### Extracted material
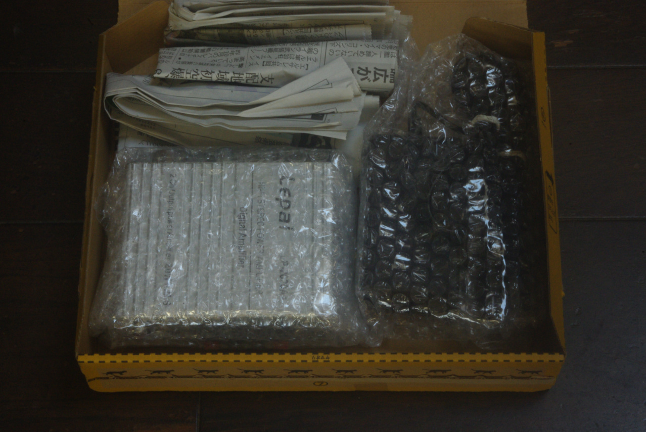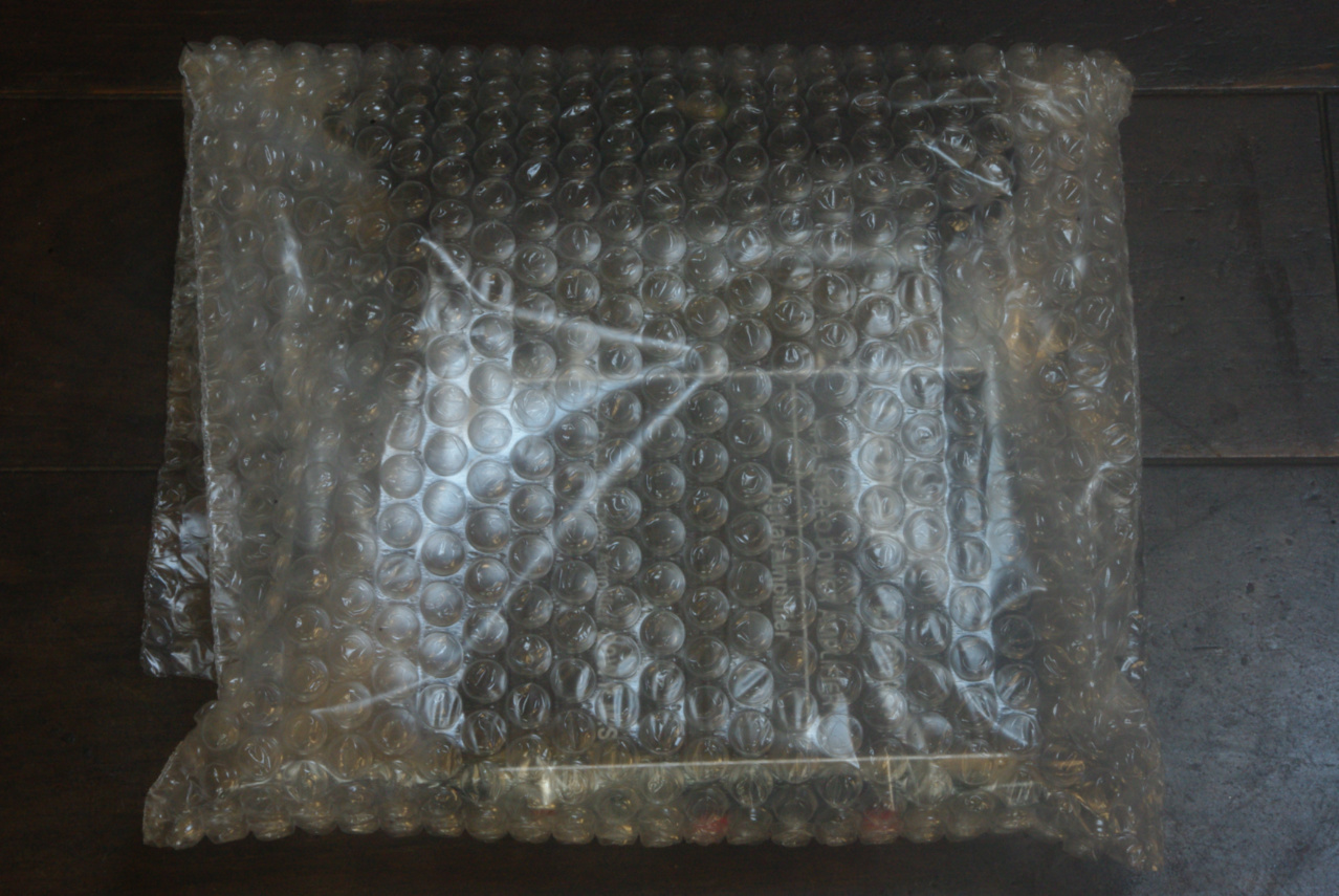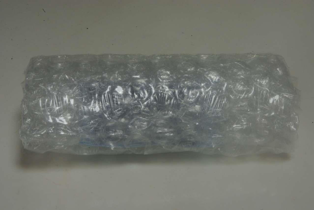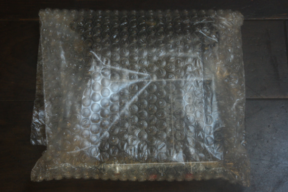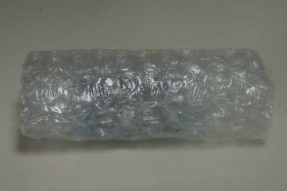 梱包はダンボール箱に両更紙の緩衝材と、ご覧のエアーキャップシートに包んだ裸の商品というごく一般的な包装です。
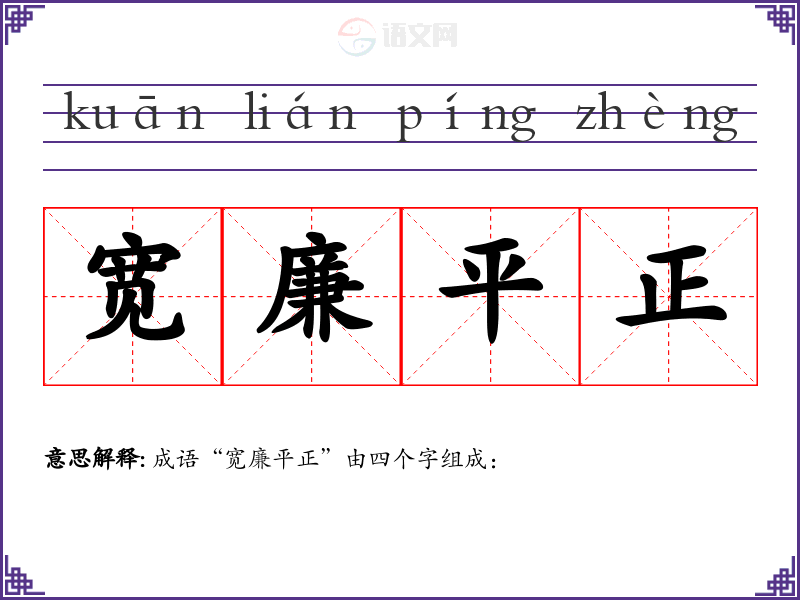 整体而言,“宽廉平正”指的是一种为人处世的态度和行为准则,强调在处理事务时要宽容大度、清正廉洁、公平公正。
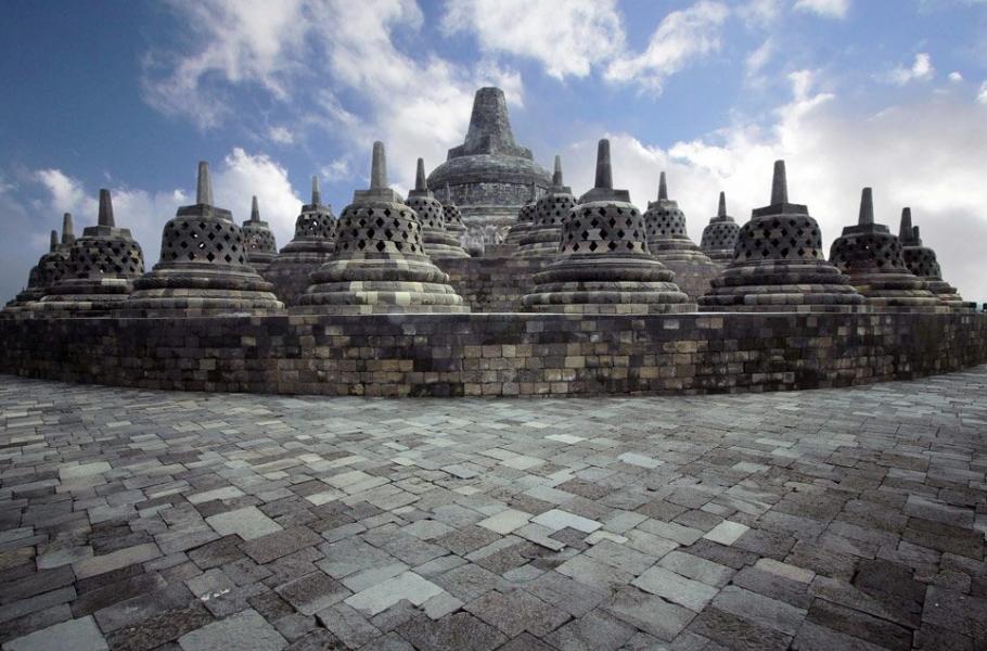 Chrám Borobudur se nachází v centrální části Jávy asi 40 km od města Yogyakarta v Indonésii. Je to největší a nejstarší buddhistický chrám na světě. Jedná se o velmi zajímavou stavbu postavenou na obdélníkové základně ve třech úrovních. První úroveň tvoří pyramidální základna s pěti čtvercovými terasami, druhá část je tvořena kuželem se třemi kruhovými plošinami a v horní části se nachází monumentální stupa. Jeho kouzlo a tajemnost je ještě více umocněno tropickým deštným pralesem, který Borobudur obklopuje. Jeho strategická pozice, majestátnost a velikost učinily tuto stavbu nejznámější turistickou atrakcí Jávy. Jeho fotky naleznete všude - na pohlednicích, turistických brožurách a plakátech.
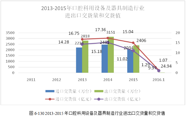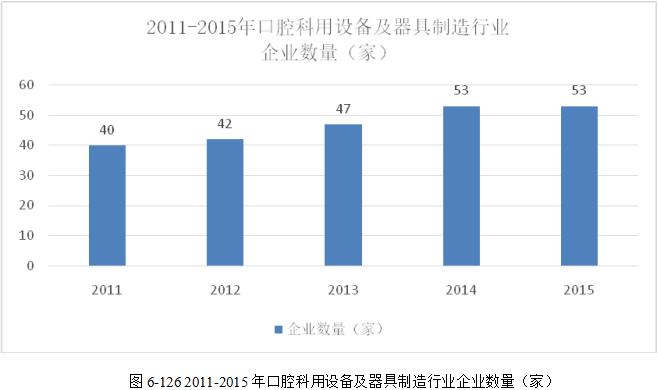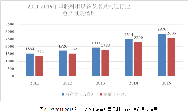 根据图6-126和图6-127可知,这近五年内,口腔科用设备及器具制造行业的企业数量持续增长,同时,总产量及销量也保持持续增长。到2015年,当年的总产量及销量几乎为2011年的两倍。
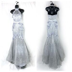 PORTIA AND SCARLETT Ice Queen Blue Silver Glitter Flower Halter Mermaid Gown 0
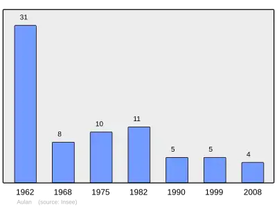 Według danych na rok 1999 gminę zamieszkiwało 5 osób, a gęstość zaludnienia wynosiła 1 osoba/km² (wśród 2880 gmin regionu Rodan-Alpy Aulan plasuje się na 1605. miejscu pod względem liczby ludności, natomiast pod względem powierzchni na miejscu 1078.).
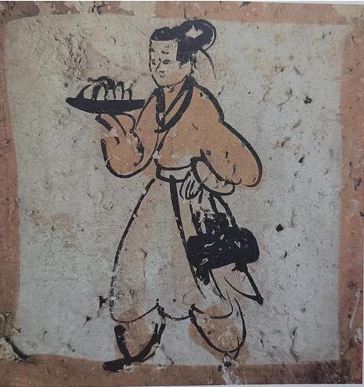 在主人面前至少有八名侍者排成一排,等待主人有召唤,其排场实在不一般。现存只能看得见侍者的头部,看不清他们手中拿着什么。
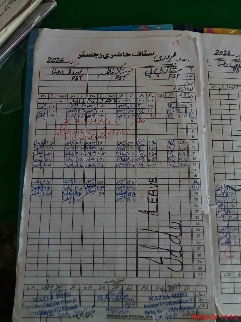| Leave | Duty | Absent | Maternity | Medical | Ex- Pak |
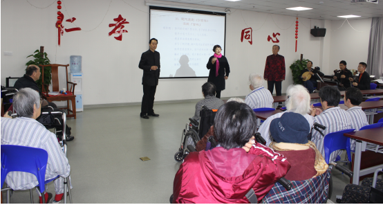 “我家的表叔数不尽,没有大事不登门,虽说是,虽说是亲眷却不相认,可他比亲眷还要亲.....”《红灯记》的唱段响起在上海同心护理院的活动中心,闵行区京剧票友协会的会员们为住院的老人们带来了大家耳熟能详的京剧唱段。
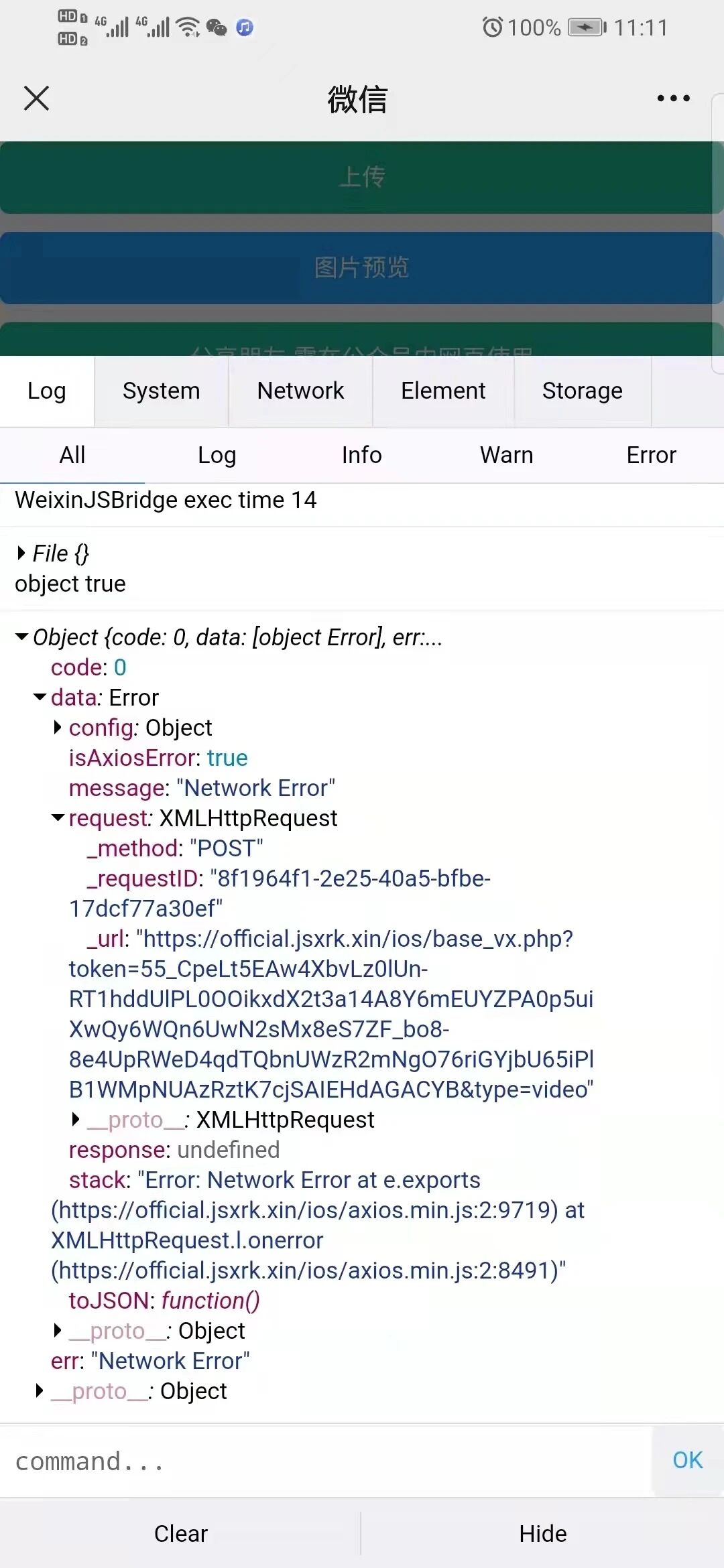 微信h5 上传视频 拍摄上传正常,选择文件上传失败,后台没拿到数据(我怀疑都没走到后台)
######
__About this exercise__.
Give all the lines above again, character for character, without pictures.

__Reply to the task__.
 梱包はダンボール箱に両更紙の緩衝材と、ご覧のエアーキャップシートに包んだ裸の商品というごく一般的な包装です。
 整体而言,“宽廉平正”指的是一种为人处世的态度和行为准则,强调在处理事务时要宽容大度、清正廉洁、公平公正。
 Chrám Borobudur se nachází v centrální části Jávy asi 40 km od města Yogyakarta v Indonésii. Je to největší a nejstarší buddhistický chrám na světě. Jedná se o velmi zajímavou stavbu postavenou na obdélníkové základně ve třech úrovních. První úroveň tvoří pyramidální základna s pěti čtvercovými terasami, druhá část je tvořena kuželem se třemi kruhovými plošinami a v horní části se nachází monumentální stupa. Jeho kouzlo a tajemnost je ještě více umocněno tropickým deštným pralesem, který Borobudur obklopuje. Jeho strategická pozice, majestátnost a velikost učinily tuto stavbu nejznámější turistickou atrakcí Jávy. Jeho fotky naleznete všude - na pohlednicích, turistických brožurách a plakátech.
 根据图6-126和图6-127可知,这近五年内,口腔科用设备及器具制造行业的企业数量持续增长,同时,总产量及销量也保持持续增长。到2015年,当年的总产量及销量几乎为2011年的两倍。
 PORTIA AND SCARLETT Ice Queen Blue Silver Glitter Flower Halter Mermaid Gown 0
 Według danych na rok 1999 gminę zamieszkiwało 5 osób, a gęstość zaludnienia wynosiła 1 osoba/km² (wśród 2880 gmin regionu Rodan-Alpy Aulan plasuje się na 1605. miejscu pod względem liczby ludności, natomiast pod względem powierzchni na miejscu 1078.).
 在主人面前至少有八名侍者排成一排,等待主人有召唤,其排场实在不一般。现存只能看得见侍者的头部,看不清他们手中拿着什么。
| Leave | Duty | Absent | Maternity | Medical | Ex- Pak |
 “我家的表叔数不尽,没有大事不登门,虽说是,虽说是亲眷却不相认,可他比亲眷还要亲.....”《红灯记》的唱段响起在上海同心护理院的活动中心,闵行区京剧票友协会的会员们为住院的老人们带来了大家耳熟能详的京剧唱段。
 微信h5 上传视频 拍摄上传正常,选择文件上传失败,后台没拿到数据(我怀疑都没走到后台)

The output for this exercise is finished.